Scientists at the Children's Medical Center Research Institute at UT Southwestern in Dallas, TX, have uncovered a new bone-forming growth factor that may reverse the bone loss associated with osteoporosis. They say that this discovery has implications for regenerative medicine.
Osteoporosis develops over several years and is a condition that weakens bones. This weakness makes bones more fragile and susceptible to breakages. More than
Treatments for osteoporosis currently involve treating and preventing bone fractures, as well as using medication to strengthen bones. Bisphosphonates are drugs that slow down or prevent bone damage. Estrogen therapy is also used in some groups of people to help maintain bone density.

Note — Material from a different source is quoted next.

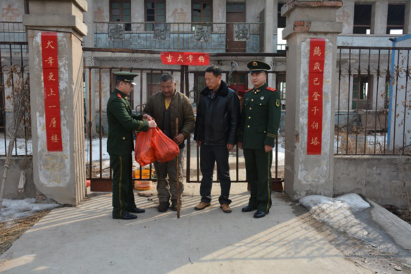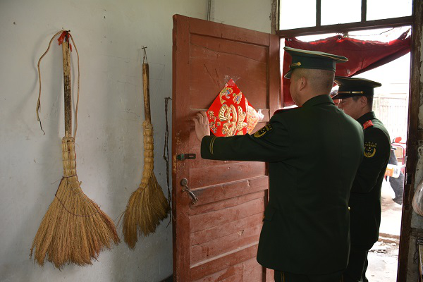 大隊官兵在到達貧苦戶家里后,首先帶來大隊全體官兵的親切問候,仔細詢問了貧困戶老楊的身體狀況,對他近期的醫療救助情況有了仔細的了解。老楊表示:最近病情有了明顯的好轉,身體也可以勉強做一些輕微的活動。這些都離不開空港新城全體官兵的幫助與支持。對老楊表示關懷后,大隊官兵立刻對老楊的住所進行了清理整潔,為老楊病情的恢復提供了一個干凈的環境。隨后對老楊大門、院內進行了對聯的張貼。

While the majority of existing treatments for osteoporosis reduce the rate of bone loss, they do not promote new bone growth. There is one agent, called Teriparatide (PTH), that is approved for the formation of new bone. However, the use of PTH is limited to only 2 years due to a risk of developing osteosarcoma (bone cancer).
The researchers at the Children's Medical Center Research Institute (CRI) at UT Southwestern called the newly discovered bone-forming growth factor Osteolectin, or Clec11a, and they published their findings in eLife.

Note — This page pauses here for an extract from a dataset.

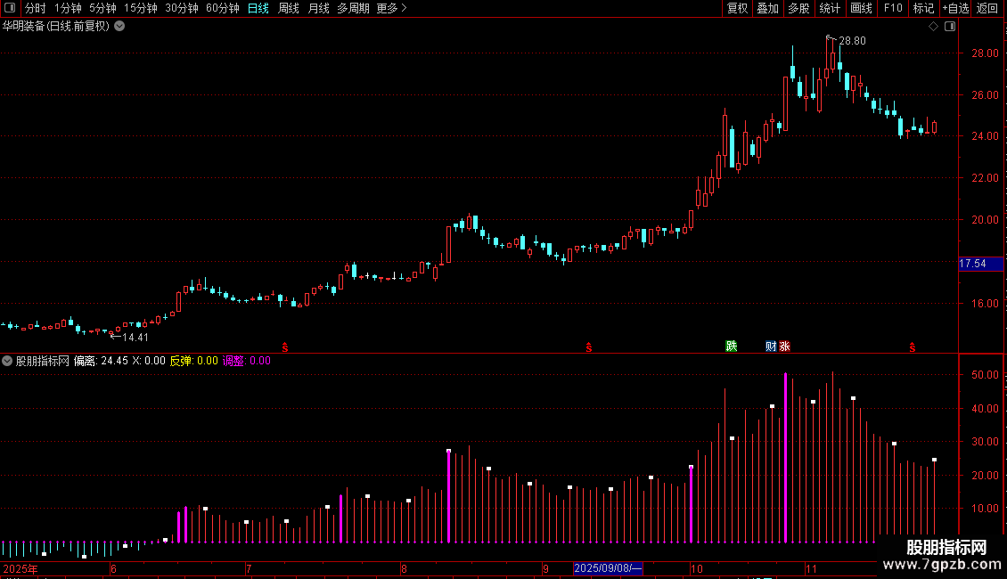 偏离:(CLOSE/MA(CLOSE,120)-1)*100,COLORSTICK;

Dr. Sean Morrison - CRI director, Mary McDermott Cook Chair in Pediatric Genetics, and the Kathryne and Gene Bishop Distinguished Chair in Pediatric Research - led the study.

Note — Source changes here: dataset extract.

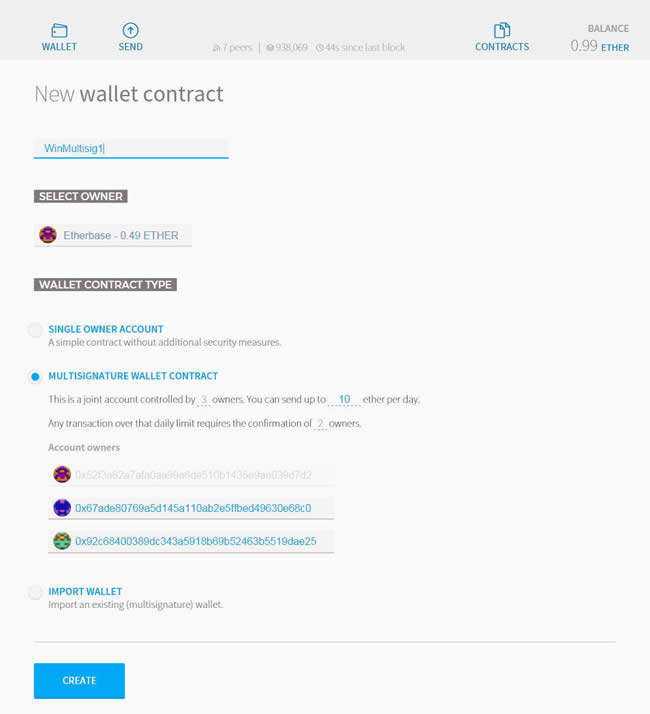当你选择 MULTISIGNATURE WALLET CONTRACT ,将会看到如下提示:

Particular bone marrow and bone cells have been found to produce Osteolectin. The team at CRI say they are the first to demonstrate that Osteolectin promotes new bone formation from skeletal stem cells in the bone marrow.
Osteolectin significantly increased bone volume, reversed bone loss
Morrison and colleagues discovered that when Osteolectin was deleted in mice, they experienced acceleration in bone loss during adulthood. The mice also exhibited symptoms of osteoporosis, such as diminished bone strength and the delayed healing of fractures.
The researchers aimed to find out whether it was possible for Osteolectin to reverse bone loss after osteoporosis had developed. Morrison and team used two groups of mice that had their ovaries removed to mimic the type of osteoporosis that develops in postmenopausal women. They provided the mice with a daily injection of either PTH or Osteolectin.
When compared with PTH - an agent already proven to promote bone formation - Osteolectin showed similar results. Compared with untreated mice, the bone volume in both PTH-treated and Osteolectin-treated mice had significantly increased.
Both treatments were shown to successfully reverse the bone loss that occurred as a result of ovary removal.
"These results demonstrate the important role Osteolectin plays in new bone formation and maintaining adult bone mass. This study opens up the possibility of using this growth factor to treat diseases like osteoporosis," says Morrison.
"These early results are encouraging, suggesting Osteolectin might one day be a useful therapeutic option for osteoporosis and in regenerative medicine."
Dr. Sean Morrison
Morrison is also the principle investigator for the Hamon Laboratory for Stem Cell and Cancer Biology. Alongside the Hamon Laboratory scientists, Morrison plans to conduct further experiments to test Osteolectin's therapeutic potential.
The team's objective is to identify the receptor for Osteolectin, which they say will help them to understand the signaling mechanism that the growth factor uses to promote the formation of bone.